Мари кладет трубку, на лице недоумение – на миг. Она в дезабилье, смотрит фильм по телевизору.

Станислас говорит Этьену:

– Помнишь, он все рвался в Париж? Я подумал: а вдруг он вернулся туда к себе? Поль просто может еще не знать. Он же в Лионе на конференции.

– Конференция… Лучше б детей берегли.

Звонит телефон. Этьен хватает трубку.

– Алло!.. Хорошо, в двадцать три двадцать в Орли… Да.

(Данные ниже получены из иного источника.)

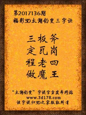福彩第2017136期3d太湖字谜:三板斧,定瓦岗,程老四,做魔王
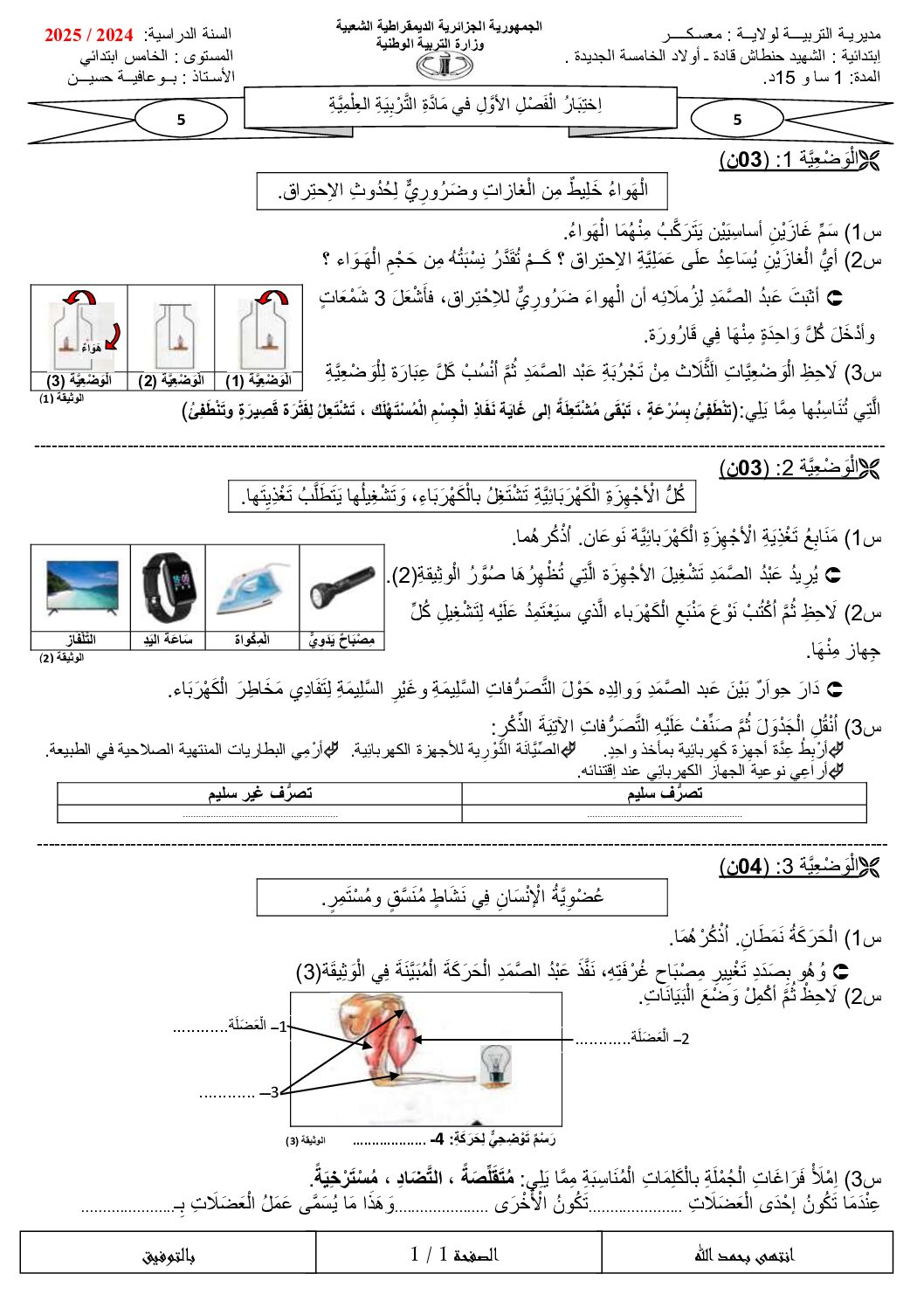 مادة التربية العلمية والتكنولوجية للسنة الخامسة 5 ابتدائي دروس مفصلة ، فروض واختبارات، تمارين محلولة : نموذج لإمتحان في الفصل الأول رقم 54- في مادة التربية العلمية مستوى السنة الخامسة ابتدائي الجيل الثاني ، السنة الدراسية: 2025/2026 مع التصحيح يمكن تصفح الإختبار مباشرة عبر موقع الدراسة الجزائري أو تحميله مباشرة بصيغة PDF بالضغط أعلاه على: .: تحميل :. التربية العلمية السنة الخامسة …
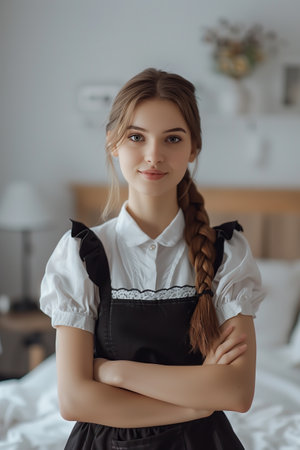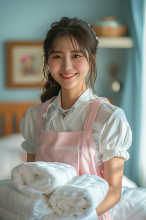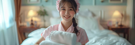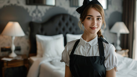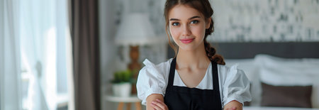 Organized Professional chambermaid. Work home staff. Generate Ai
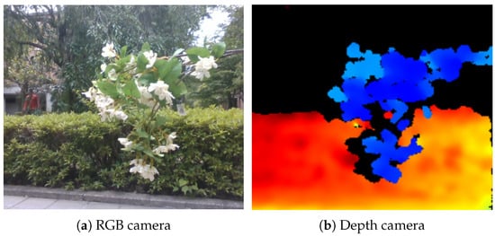 To illustrate how the RGB and depth data are jointly used for accurate 3D flower localization, Figure 4 compares a conventional RGB image and its corresponding depth heatmap. In the RGB image, the pear flowers are clearly visible, whereas the heatmap reveals the shapes and the relative depths of the flowers through the various color gradients. By analyzing the RGB and depth images in combination, the system estimates the 3D coordinates for each flower accurately. These estimated positions then serve as the basis for construction of an efficient flight path for the pollination drone.
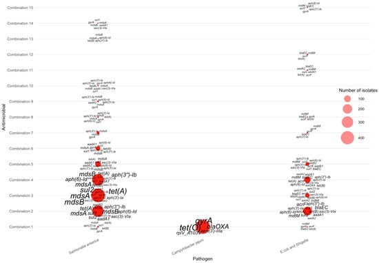 For isolates resistant to five antimicrobials, the six combinations listed in Table 6 produced distinct pathogen–gene patterns, as shown in the corresponding bubble plot. Most AMR-5 isolates belonged to Salmonella enterica, with Combination 1 (tetracycline–streptomycin–sulfisoxazole–nalidixic acid–ciprofloxacin; 153 isolates) contributing the largest cluster. Within this group, several multidrug-efflux and aminoglycoside-modifying genes—including mdsA, mdsB, gyrA, tet(A), floR, aadA1, and aph(3″)-Ia,—were highly enriched (as shown in Figure 8), reflecting broad-spectrum resistance mechanisms. Combination 2 (tetracycline–sulfisoxazole–ampicillin–nalidixic acid–ciprofloxacin; 76 isolates) showed a similar genetic profile, again dominated by mdsA, mdsB, aac(3)-IVa, tet(A), and aadA1, with slightly fewer total occurrences. Combination 3 (tetracycline–streptomycin–sulfisoxazole–ampicillin–nalidixic acid; 30 isolates) displayed a reduced but consistent pattern, primarily featuring mdsA, mdsB, tet(A), and aph(3″)-Ib.
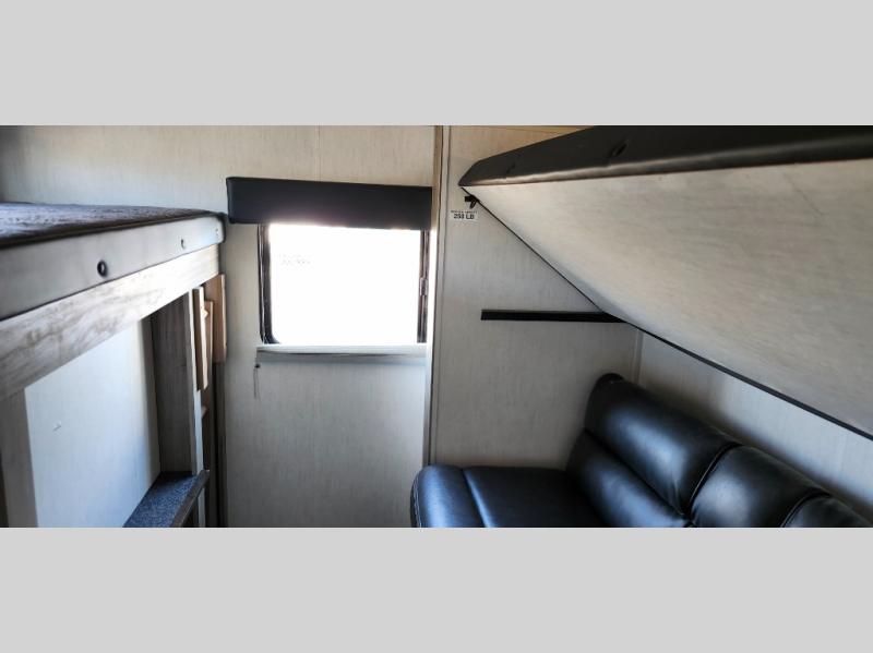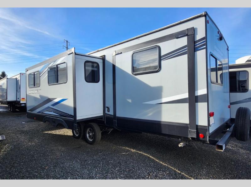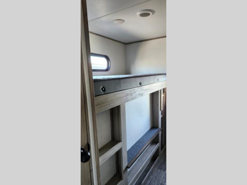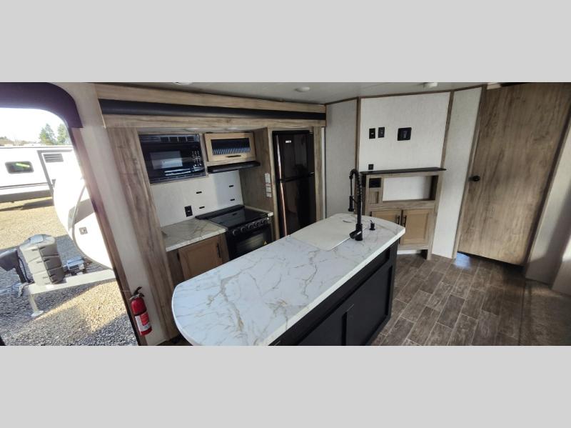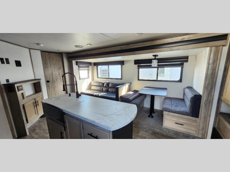 Load up your clothes, food, and outdoor gear to enjoy a long weekend away from the city in this travel trailer! There are triple slide outs, a private bunkhouse with a half bathroom with a second exterior entry/door for convenience, plus an outside kitchen! The bunkhouse also has two bunks, a jackknife sofa and a trundle bed, plus a slide out for more interior floor space. The main living and kitchen area is spacious as well with two opposing slides, a kitchen island with a large sink, a pantry, plus a cozy fireplace. The full walk-through bathroom allows double access, and the front bedroom allows you to sleep like royalty.
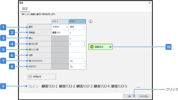 続いて「連番追加」をクリックします。追加されたA/S2の「書式」を「数字」にし、「初期値」「増分」「繰り返し数」をすべて「1」に設定します。
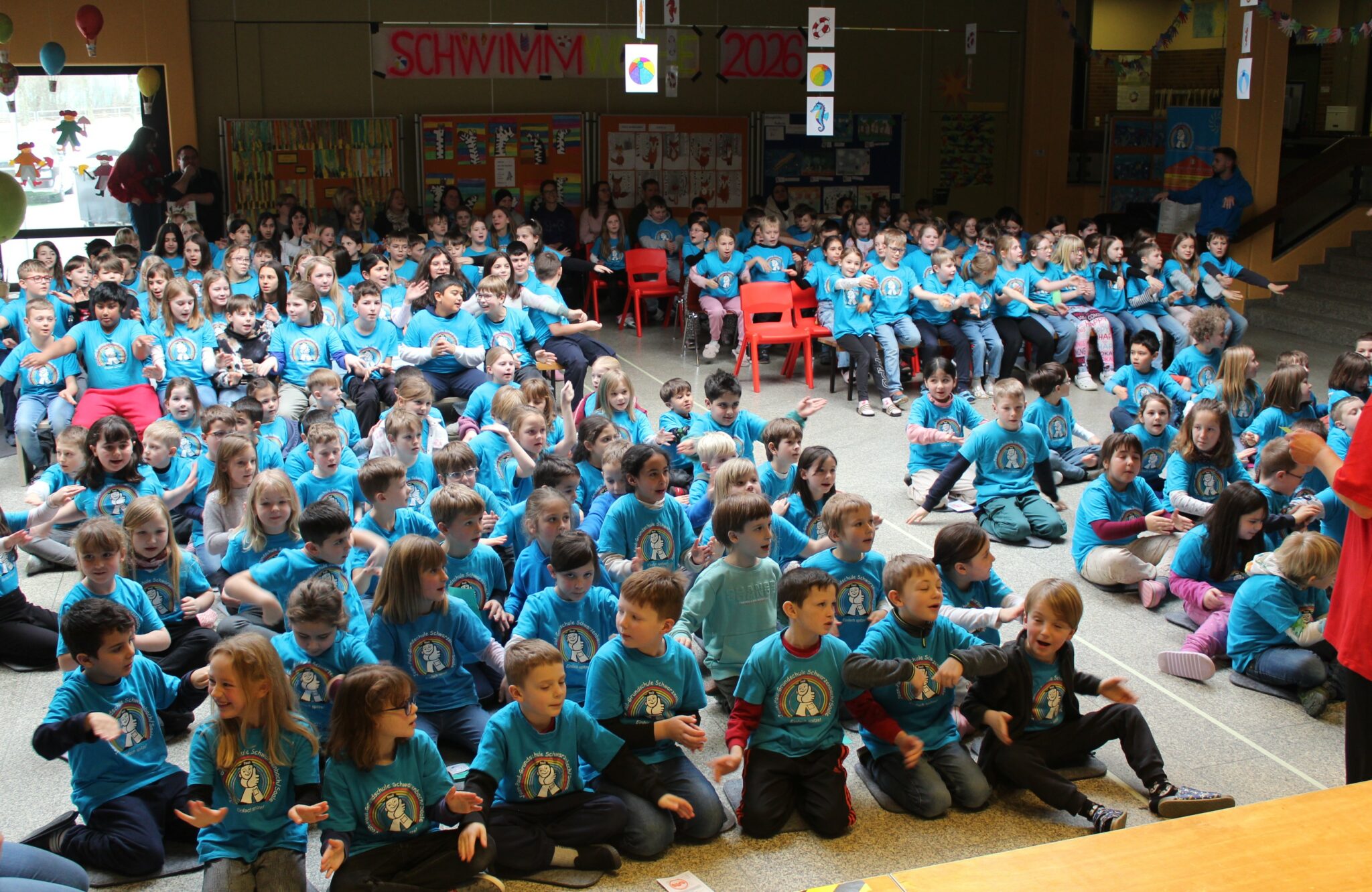 Alle 202 Schülerinnen und Schüler der Jean-Paul-Grundschule, die Lehrkräfte, das Team der Wasserwacht, zahlreiche Mitglieder des Elternbeirats, einige Eltern aus dem Helferteam sowie geladene Gäste kamen zur Abschlussveranstaltung, um die Kinder gebührend zu feiern, die Bedeutung des Projektes hervorzuheben und ihre Unterstützung kundzutun.
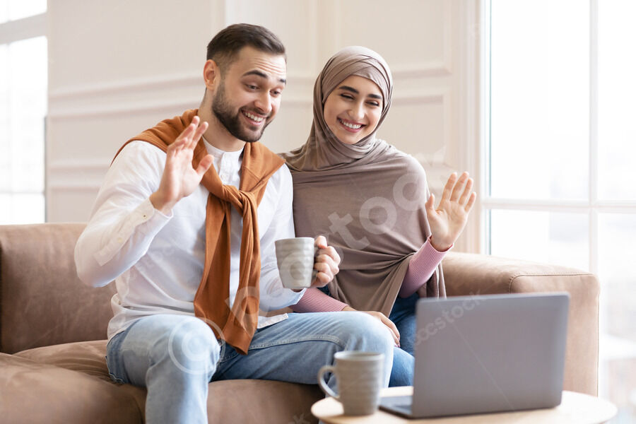 Arab Muslim woman in hijab and caucasian husband having video call on laptop and waving their hands while sitting on sofa in living room at home
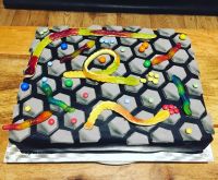 Hi Ann, I tried to start with this kind of cake. But instead of Slither.io I would make Dancing Line The Piano. It would turn out pretty well, but we does not have enough flour. So instead of using the second layer as the pianotiles then I wil just paint it with glaze.
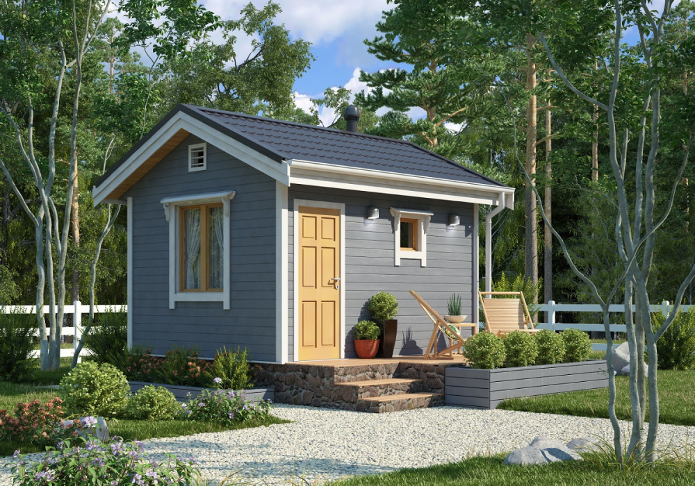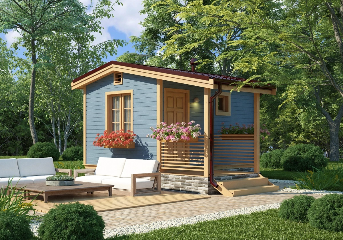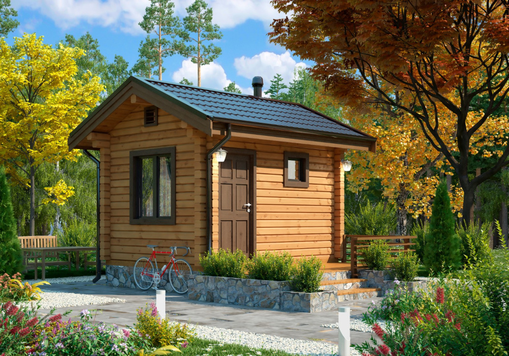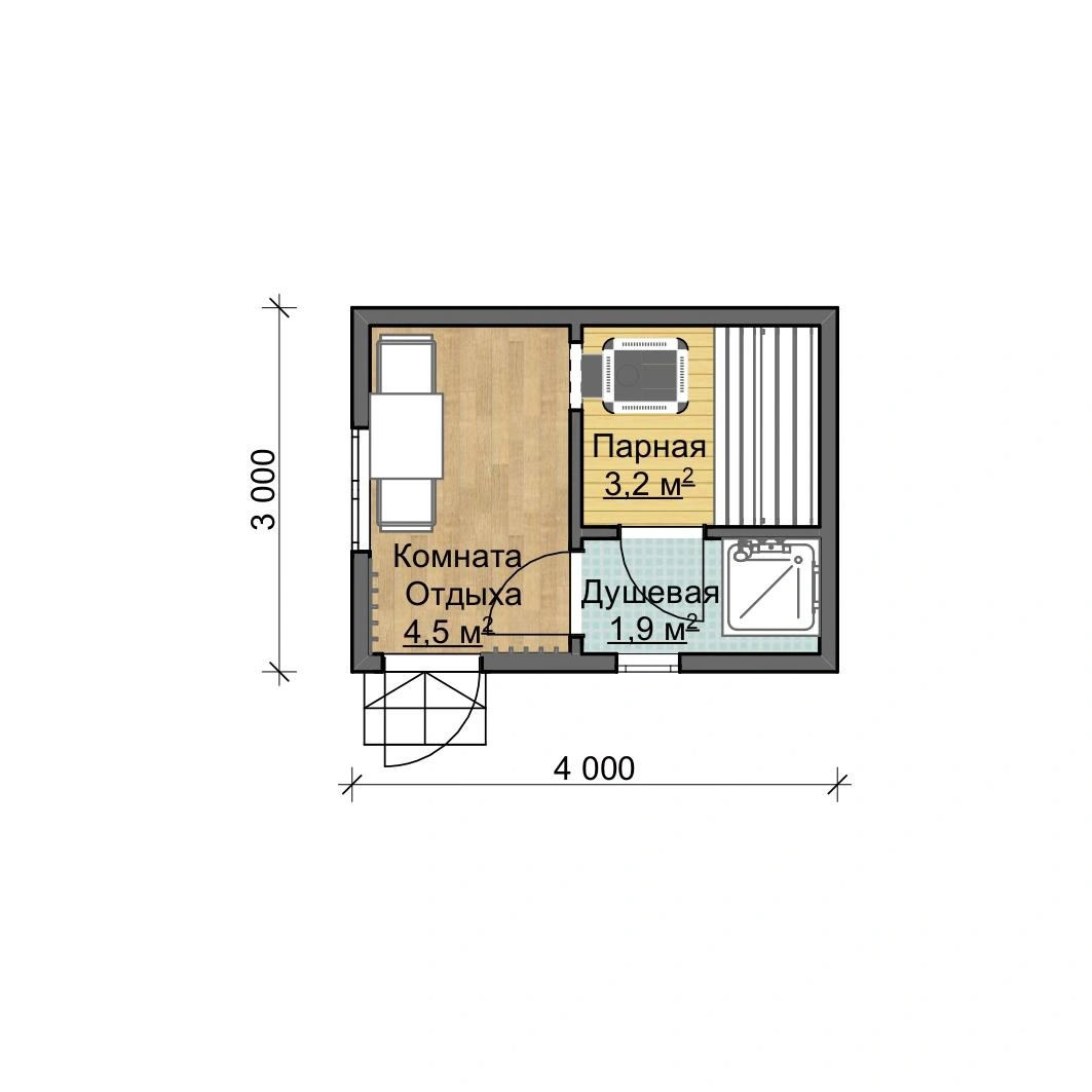 Баня-малютка с общей площадью 9,58 м2 поместится даже на самом маленьком участке. Ее планировка проста и незамысловата: душевая (1,9 м2), парная (3,2 м2) и комната отдыха (4,5 м2). Маленькая, да удаленькая! Баня хорошо держит тепло за счет своего небольшого размера.
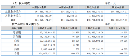 億邦動力網了解到,龍威新材料的營業(yè)收入基本來自于主營業(yè)務收入,報告期內收入16182萬。主打產品仍為天花膜系列產品、地板膜系列產品及白膜系列產品,篷布系2016年開發(fā)的新產品,報告期內收入額為35萬,占比0.21%。
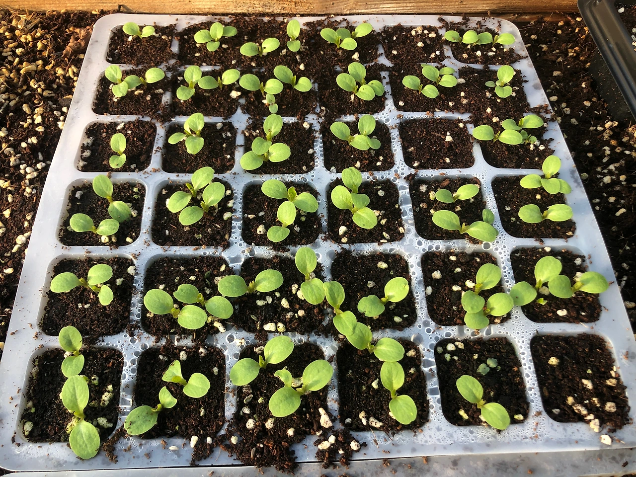 씨를 뿌린 그대로 싹이 올라온 것 같다. 발아율이 너무 좋아 나중에 선택 장애를 보이기 전에 과감하게 한 포트에 한 두 개의 싹만 남겨두고 뽑아 버렸다. 핀셋을 하나 챙겨 놓아야 되나 싶을 정도로 작은 싹들이어서 크게 아쉬움은 없다.(4/20 토)
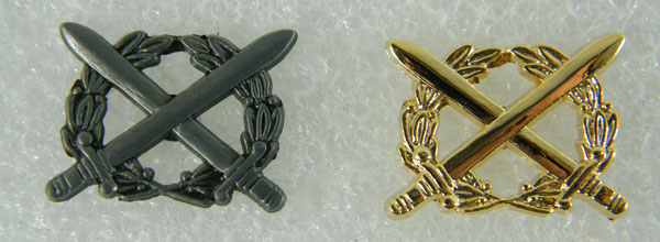 Ad ogni modo sono andato a controllare sul regolamento per l'uso delle uniformi di SME e ho trovato al cap. V. "Distintivi", art. 3 "Distintivi d'onore" che i distintivi per la promozione e per l'avanzamento per merito di guerra consistono entrambi da due gladi incrociati e la differenza è data proprio dalle fronde che indicano la "promozione", mentre l'assenza delle stesse indica "l'avanzamento": da questo deduco che l'ambito, cioè la "guerra", è invece indicato dai gladi.
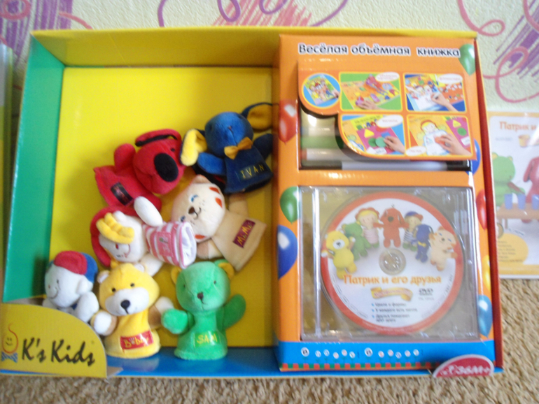 2)Набор DVD диски (3 шт.) с мультфильмами и Куклами на пальчики (7 шт), K'S KidsВеселый игровой набор. Надев на пальчики кукольных героев, можно устраивать домашние спектакли. На каждом диске 6 мультфильмов: «Цвета и формы», «Тени», «Тяжелое и легкое», «Фрукты цвета радуги», «Цифры», «Звуки», «Музыка», «Рисование», «Будь в форме», «Где твои вещи», «У каждого есть мечта», «Природа», «Друзья помогают друг другу», «Делимся с друзьями», «Спасибо и пожалуйста», «Мими заболела», «Смелость», «Извинения». Возраст: от 1,5 лет

– Я знаю одно: он честный и смелый.

– Смелый…

Тренировочный лагерь моджахедов. Морис по канату спускается в пропасть. Один из стоящих у подножья скалы прицеливается и стреляет. Пуля ударяется о скалу возле самого его башмака. Морис – невозмутим. Инструктор внизу смотрит на бородатого человека в чалме. Тот кивает.

Кабинет директора интерната. Станислас рассказывает Полю о случившемся. Здесь же и Этьен.

– …И после этого он исчез. Что произошло – я не понимаю. Я думал, может, он вернулся сюда, к вам.

– А я это от вас скрыл, так, что ли?

– Не знаю, что и думать. Тамошний комиссар сказал, что его шантажировали нами, и посоветовал нам помалкивать в тряпочку.

Этьен:

– Вообще дал понять, что лучше нам убраться.

Поль:

– Откуда взялись эти снимки?

Станислас:

– Клянусь тебе, мы не знаем. Ты мне веришь? Ни где Морис, ни где его искать… Он вспоминал какого-то Гримье.

Поль подходит к двери:

– Мадам Петипа!

Из окна видно, как та проходит по двору и входит в класс.

Введенный в кабинет директора Гримье говорит Станисласу:

– Мосье, вы хотите меня тоже усыновить? Вам одного Мориса мало?

– Гримье, что за тон? – осаживает его Поль.

– Я просто подумал… Простите меня, мосье Сен-Жак. – К Станисласу: – Простите меня, мосье.

– Я что-то не припомню, чтобы вы с Морисом дружили.

– Мы с ним очень дружили, мосье Сен-Жак. Он всегда делился со мной своими яйцами.

– А после того, как он уехал, ты больше его не встречал?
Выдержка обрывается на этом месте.